** PROVIDED INFORMATION **
*****

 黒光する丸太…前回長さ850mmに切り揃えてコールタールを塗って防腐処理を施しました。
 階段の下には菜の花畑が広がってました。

*****

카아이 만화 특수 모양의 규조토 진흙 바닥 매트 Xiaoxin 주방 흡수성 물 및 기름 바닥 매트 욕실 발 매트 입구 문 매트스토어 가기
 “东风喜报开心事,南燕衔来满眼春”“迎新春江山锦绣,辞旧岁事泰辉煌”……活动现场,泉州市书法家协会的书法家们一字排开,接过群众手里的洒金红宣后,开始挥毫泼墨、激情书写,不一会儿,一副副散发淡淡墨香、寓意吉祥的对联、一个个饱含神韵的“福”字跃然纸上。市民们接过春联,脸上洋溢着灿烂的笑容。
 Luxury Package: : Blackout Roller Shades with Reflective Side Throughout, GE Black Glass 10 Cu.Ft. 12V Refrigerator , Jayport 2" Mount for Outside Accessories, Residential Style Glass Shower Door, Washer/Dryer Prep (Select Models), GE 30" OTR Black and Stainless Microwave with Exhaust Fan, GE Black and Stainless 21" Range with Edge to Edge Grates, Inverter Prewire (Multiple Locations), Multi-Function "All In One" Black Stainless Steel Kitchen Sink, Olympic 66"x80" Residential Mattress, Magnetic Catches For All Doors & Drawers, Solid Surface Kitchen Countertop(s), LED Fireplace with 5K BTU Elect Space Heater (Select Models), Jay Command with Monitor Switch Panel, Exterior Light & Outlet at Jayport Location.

*****

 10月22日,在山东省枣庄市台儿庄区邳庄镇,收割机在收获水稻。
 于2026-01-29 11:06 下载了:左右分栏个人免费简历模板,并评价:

*****

** EXERCISE AIM **
Please copy, exactly and with nothing else, the lines above beginning at the line that has "카아이 만화 특수 모양의" and ending with the line that has "Luxury Package: : Blackout".

** FINISHED EXERCISE **
카아이 만화 특수 모양의 규조토 진흙 바닥 매트 Xiaoxin 주방 흡수성 물 및 기름 바닥 매트 욕실 발 매트 입구 문 매트스토어 가기
 “东风喜报开心事,南燕衔来满眼春”“迎新春江山锦绣,辞旧岁事泰辉煌”……活动现场,泉州市书法家协会的书法家们一字排开,接过群众手里的洒金红宣后,开始挥毫泼墨、激情书写,不一会儿,一副副散发淡淡墨香、寓意吉祥的对联、一个个饱含神韵的“福”字跃然纸上。市民们接过春联,脸上洋溢着灿烂的笑容。
 Luxury Package: : Blackout Roller Shades with Reflective Side Throughout, GE Black Glass 10 Cu.Ft. 12V Refrigerator , Jayport 2" Mount for Outside Accessories, Residential Style Glass Shower Door, Washer/Dryer Prep (Select Models), GE 30" OTR Black and Stainless Microwave with Exhaust Fan, GE Black and Stainless 21" Range with Edge to Edge Grates, Inverter Prewire (Multiple Locations), Multi-Function "All In One" Black Stainless Steel Kitchen Sink, Olympic 66"x80" Residential Mattress, Magnetic Catches For All Doors & Drawers, Solid Surface Kitchen Countertop(s), LED Fireplace with 5K BTU Elect Space Heater (Select Models), Jay Command with Monitor Switch Panel, Exterior Light & Outlet at Jayport Location.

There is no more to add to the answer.